── Supplied entries

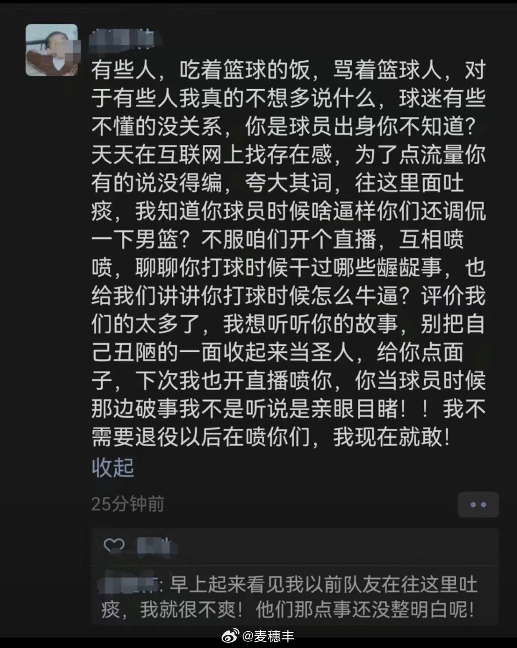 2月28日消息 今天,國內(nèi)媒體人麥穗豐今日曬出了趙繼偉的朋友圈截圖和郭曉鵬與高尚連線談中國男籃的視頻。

────
── Supplied entries

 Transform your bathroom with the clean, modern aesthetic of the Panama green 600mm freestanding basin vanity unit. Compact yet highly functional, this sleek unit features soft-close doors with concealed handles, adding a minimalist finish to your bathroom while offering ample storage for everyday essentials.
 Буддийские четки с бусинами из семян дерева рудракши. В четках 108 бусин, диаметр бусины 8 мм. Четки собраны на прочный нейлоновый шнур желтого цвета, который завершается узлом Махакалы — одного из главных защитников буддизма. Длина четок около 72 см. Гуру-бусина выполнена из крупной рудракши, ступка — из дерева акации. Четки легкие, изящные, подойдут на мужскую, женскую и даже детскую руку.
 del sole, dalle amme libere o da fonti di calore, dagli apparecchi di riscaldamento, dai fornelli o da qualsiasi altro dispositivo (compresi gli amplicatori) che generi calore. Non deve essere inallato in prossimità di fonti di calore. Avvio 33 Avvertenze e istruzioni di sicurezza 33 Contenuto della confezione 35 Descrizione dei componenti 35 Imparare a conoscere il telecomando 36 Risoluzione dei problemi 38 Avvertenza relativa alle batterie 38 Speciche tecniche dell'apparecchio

────

▶ What you are asked to do
Return the span of lines in the data above that opens at the line with "Transform your bathroom" and closes at the line with "del sole, dalle", exactly, ends included, nothing else.

▶ Answer box
 Transform your bathroom with the clean, modern aesthetic of the Panama green 600mm freestanding basin vanity unit. Compact yet highly functional, this sleek unit features soft-close doors with concealed handles, adding a minimalist finish to your bathroom while offering ample storage for everyday essentials.
 Буддийские четки с бусинами из семян дерева рудракши. В четках 108 бусин, диаметр бусины 8 мм. Четки собраны на прочный нейлоновый шнур желтого цвета, который завершается узлом Махакалы — одного из главных защитников буддизма. Длина четок около 72 см. Гуру-бусина выполнена из крупной рудракши, ступка — из дерева акации. Четки легкие, изящные, подойдут на мужскую, женскую и даже детскую руку.
 del sole, dalle amme libere o da fonti di calore, dagli apparecchi di riscaldamento, dai fornelli o da qualsiasi altro dispositivo (compresi gli amplicatori) che generi calore. Non deve essere inallato in prossimità di fonti di calore. Avvio 33 Avvertenze e istruzioni di sicurezza 33 Contenuto della confezione 35 Descrizione dei componenti 35 Imparare a conoscere il telecomando 36 Risoluzione dei problemi 38 Avvertenza relativa alle batterie 38 Speciche tecniche dell'apparecchio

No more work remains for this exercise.